The US said on Friday it would allow a senior North Korean official to visit this month, a move analysts said could be a first step toward talks between the two on ending Pyongyang’s nuclear programs.
The State Department said it had decided to grant a visa to Ri Gun, North Korea’s No. 2 official at multilateral talks on its nuclear programs, to attend meetings in New York and San Diego with private scholars and experts who study North Korea.
The department said nothing about the possibility of talks between US and North Korean officials, but a source familiar with the matter said there was a high probability US diplomat Sung Kim would meet informally with Ri on his trip.
The US hopes a bilateral dialogue may bring North Korea, which carried out its second nuclear test in May, back to wider talks on abandoning its nuclear programs.
The six-party talks involve the two Koreas, China, Japan, Russia and the US but have been stalled since North Korea said six months ago it was quitting them.
The North recently telegraphed it wanted better relations with Washington, freeing two jailed US journalists in August and signaling 10 days ago that it could return to the six-way talks but wanted to talk to the US first.

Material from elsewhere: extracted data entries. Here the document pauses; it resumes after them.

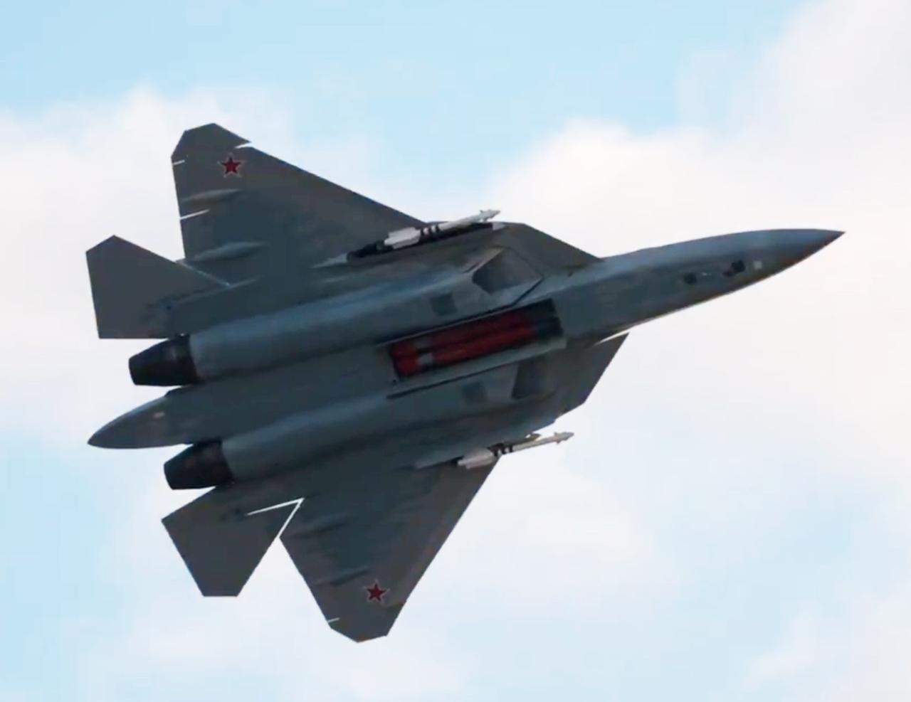 Su-57弹舱开舱图和视频 茧包弹仓和机腹弹舱都开了舱门。多少年了,终于肯曝光了 格斗弹仓能塞进两枚R73,两个机腹主弹舱能塞进四枚KH58,载弹量很不错。 图源网络 烽火问鼎计划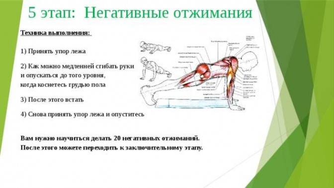 Они полезны тем, что фокусируются на эксцентрической части отжимания — опускании вашего тела на землю. Исключая элемент самого «отжатия», вы можете сосредоточиться на контроле своего тела по мере набирания силы. Это упражнение обязательно поможет вам добиться впечатляющих результатов.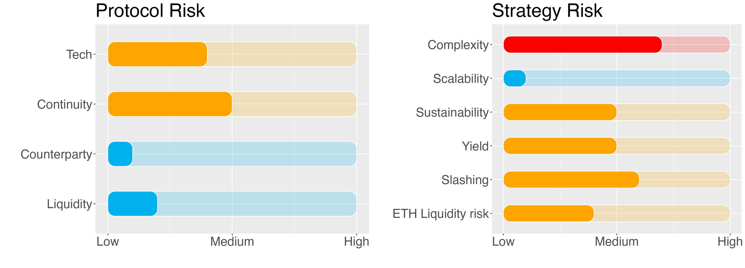 Sowohl Kiln als auch EigenLayer haben in unserer technischen Due-Diligence-Prüfung eine "grüne" Bewertung erhalten, aber da EigenLayer nicht kampferprobt ist, stufen wir das technische Risiko auf (die untere Grenze von) mittel ein.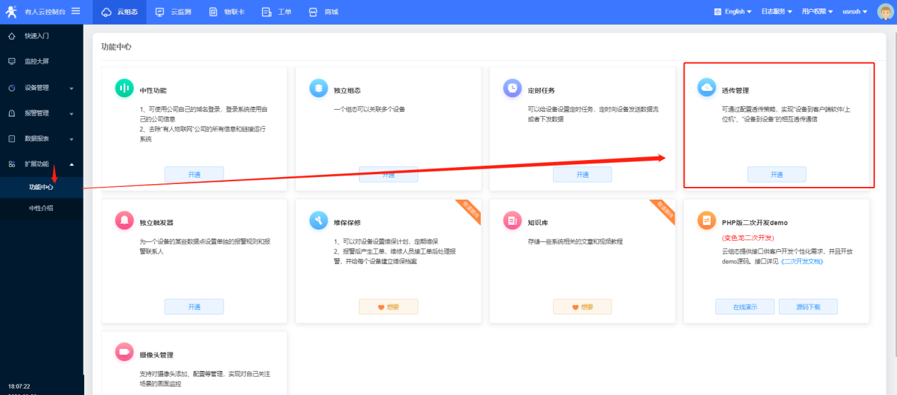 18、在“擴展功能”-“功能中心”選擇開通“透傳管理”功能;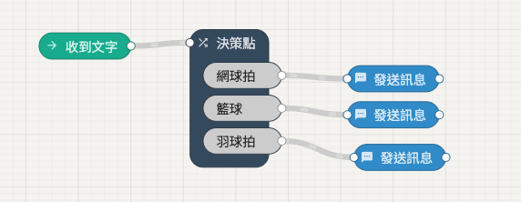 拖曳「訊息」節點至畫面上,並將其連接到「起始點」或「決策點」節點。在「訊息」節點中,可以編輯想自動回覆的內容。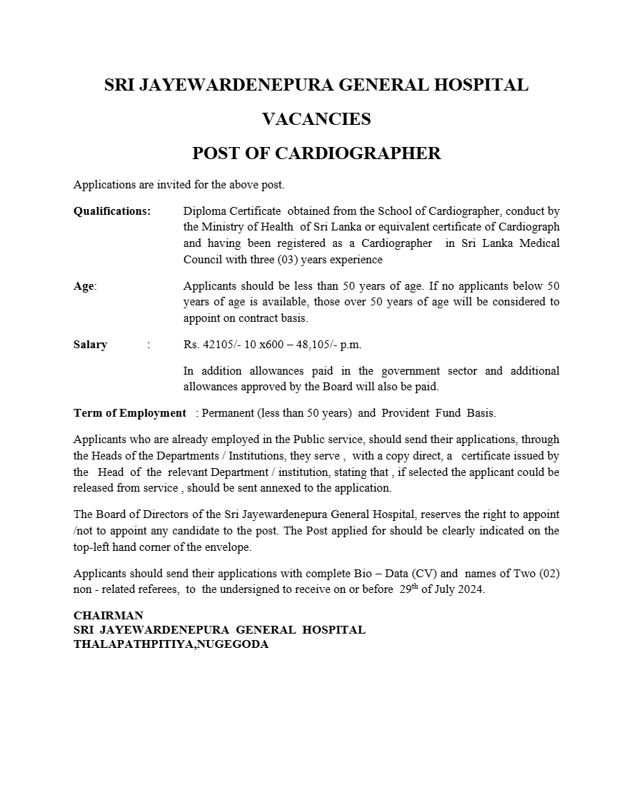 Cardiographer - Sri Jayewardenepura General Hospital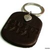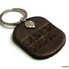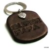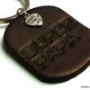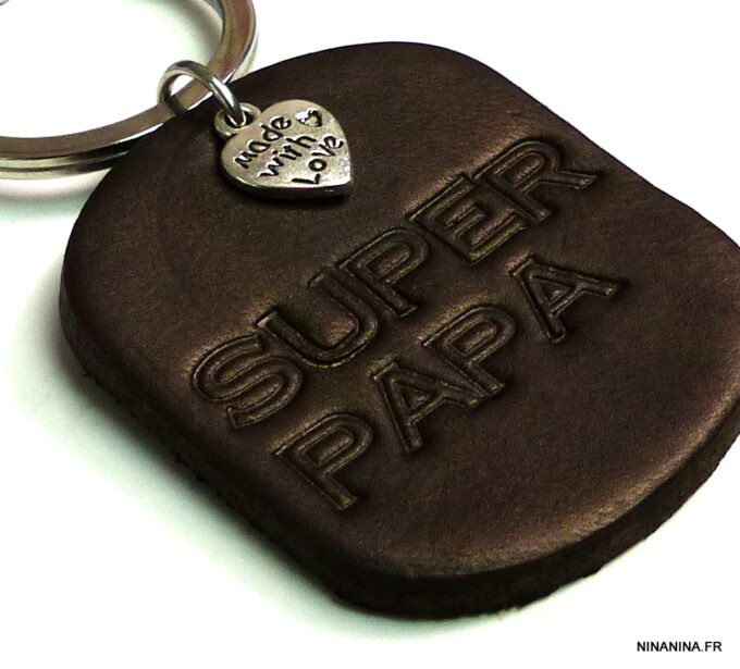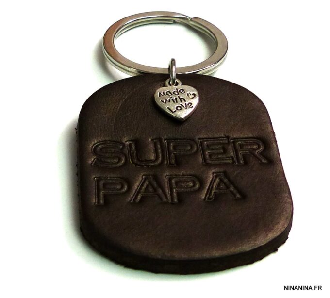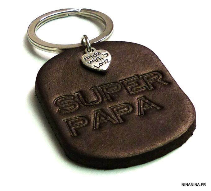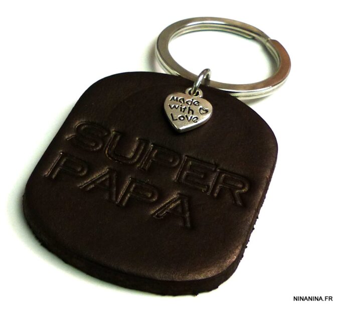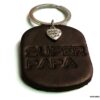 Porte clé personnalisé fete des peres gravé super papa martelé et teint à la main composé d’un pendentif rectangulaire en cuir marron chocolat et d’un petit coeur gravé en métal argenté montés sur un anneau de porte-clé en acier inoxydable.

It is unclear what may have triggered the recent warming.
After Pyongyang conducted its second nuclear test, the UN Security Council imposed fresh sanctions on North Korea that are designed to restrict its arms sales, which provide a vital source of hard currency for the impoverished country.
The US, which has said it has not decided on bilateral talks, wants some assurance North Korea will actually return to six-party talks and recommit to abandoning its nuclear programs before engaging directly.
US analysts said that by allowing Ri to visit, the administration of US President Barack Obama might be signaling a desire to explore whether direct talks between the US and North Korea might lead to a resumption of wider denuclearization talks.
“Washington is telling Pyongyang that they are interested in keeping the dynamic going, the trend towards dialogue that we have seen in recent weeks,” said Evans Revere, president of the Korea Society in New York.
“[It suggests] the administration is interested in keeping the dialogue ball in play,” he added.
The New York-based Korea Society and another nonprofit group, the National Committee on American Foreign Policy, have invited Ri to take part in an Oct. 30 seminar in New York with private scholars, former government officials and analysts.
Separately, Ri has been invited to take part in the Northeast Asia Cooperative Dialogue at the University of California, San Diego.
Bruce Klingner, an analyst at the conservative Heritage Foundation think tank in Washington, said there still appeared to be a “chasm” between the US and the North.
The US wants North Korea to give up its nuclear programs, which it sees as a direct threat to US allies South Korea and Japan, while North Korea has recently made clear that it wants to be accepted as a nuclear state.
“As of now, the two sides have irreconcilable differences,” Klingner said. “A meeting between US officials and Ri Gun would be to explore whether a bridge can be built.”